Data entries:

....................

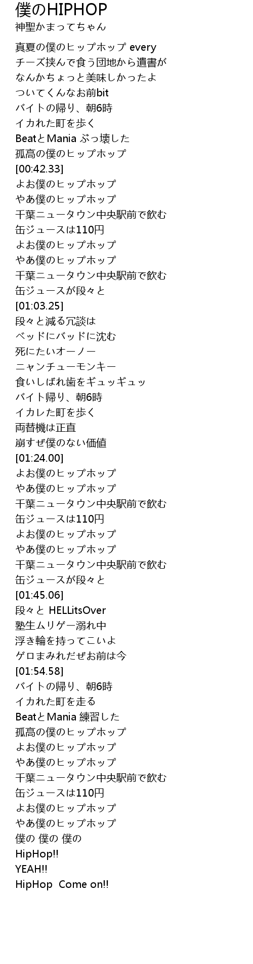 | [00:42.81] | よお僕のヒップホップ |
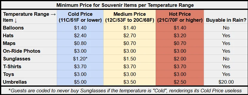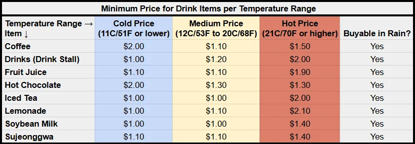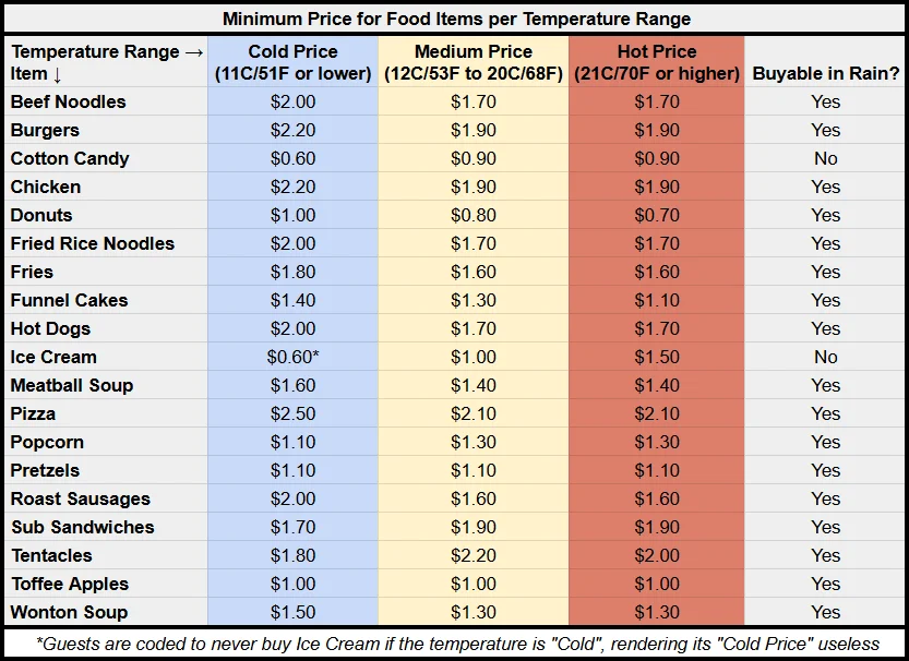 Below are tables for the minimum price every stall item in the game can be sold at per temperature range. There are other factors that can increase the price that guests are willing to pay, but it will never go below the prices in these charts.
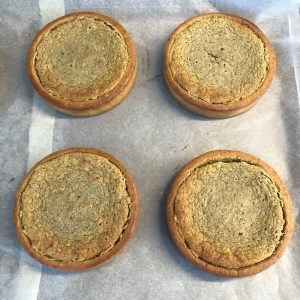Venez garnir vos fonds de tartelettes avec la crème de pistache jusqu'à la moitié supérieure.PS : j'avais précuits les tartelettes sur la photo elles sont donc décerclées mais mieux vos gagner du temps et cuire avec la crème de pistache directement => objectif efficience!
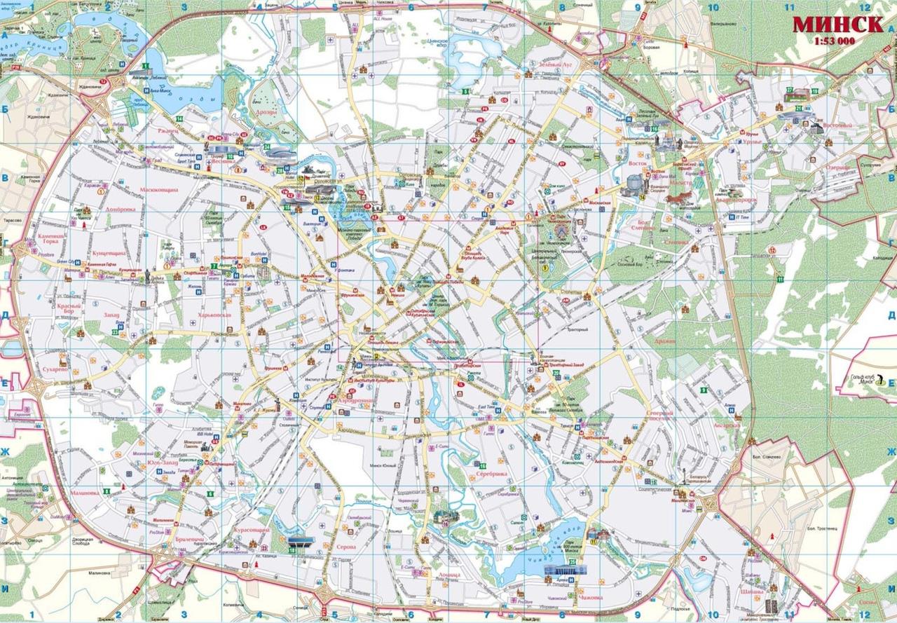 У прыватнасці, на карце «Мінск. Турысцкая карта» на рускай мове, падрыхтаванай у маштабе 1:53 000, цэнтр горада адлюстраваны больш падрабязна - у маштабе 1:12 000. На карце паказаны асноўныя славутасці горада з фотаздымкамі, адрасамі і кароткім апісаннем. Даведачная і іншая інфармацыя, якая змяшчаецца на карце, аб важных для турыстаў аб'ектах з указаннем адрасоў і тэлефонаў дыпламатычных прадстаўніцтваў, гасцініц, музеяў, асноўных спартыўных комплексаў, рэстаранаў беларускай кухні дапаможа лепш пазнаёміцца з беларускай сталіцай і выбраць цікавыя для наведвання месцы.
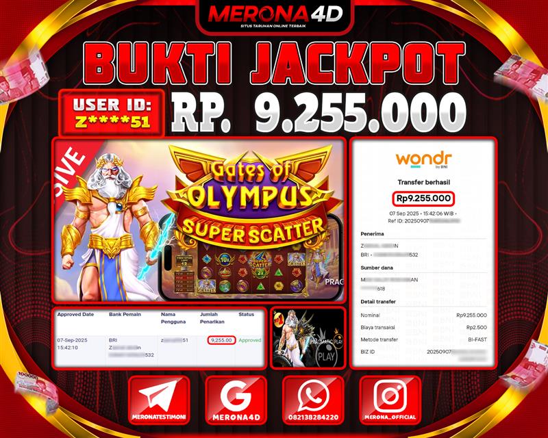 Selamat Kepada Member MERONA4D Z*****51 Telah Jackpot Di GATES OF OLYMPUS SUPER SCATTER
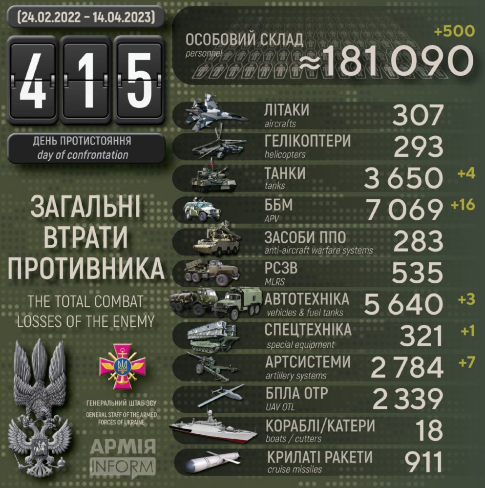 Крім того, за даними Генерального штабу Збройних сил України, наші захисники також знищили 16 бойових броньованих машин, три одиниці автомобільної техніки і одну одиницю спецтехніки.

....................

§ Prompt
Omit the pictures and retype exactly the lines from the one containing "Below are tables" through the end of the entries above.

§ Task answer
 Below are tables for the minimum price every stall item in the game can be sold at per temperature range. There are other factors that can increase the price that guests are willing to pay, but it will never go below the prices in these charts.
Venez garnir vos fonds de tartelettes avec la crème de pistache jusqu'à la moitié supérieure.PS : j'avais précuits les tartelettes sur la photo elles sont donc décerclées mais mieux vos gagner du temps et cuire avec la crème de pistache directement => objectif efficience!
 У прыватнасці, на карце «Мінск. Турысцкая карта» на рускай мове, падрыхтаванай у маштабе 1:53 000, цэнтр горада адлюстраваны больш падрабязна - у маштабе 1:12 000. На карце паказаны асноўныя славутасці горада з фотаздымкамі, адрасамі і кароткім апісаннем. Даведачная і іншая інфармацыя, якая змяшчаецца на карце, аб важных для турыстаў аб'ектах з указаннем адрасоў і тэлефонаў дыпламатычных прадстаўніцтваў, гасцініц, музеяў, асноўных спартыўных комплексаў, рэстаранаў беларускай кухні дапаможа лепш пазнаёміцца з беларускай сталіцай і выбраць цікавыя для наведвання месцы.
 Selamat Kepada Member MERONA4D Z*****51 Telah Jackpot Di GATES OF OLYMPUS SUPER SCATTER
 Крім того, за даними Генерального штабу Збройних сил України, наші захисники також знищили 16 бойових броньованих машин, три одиниці автомобільної техніки і одну одиницю спецтехніки.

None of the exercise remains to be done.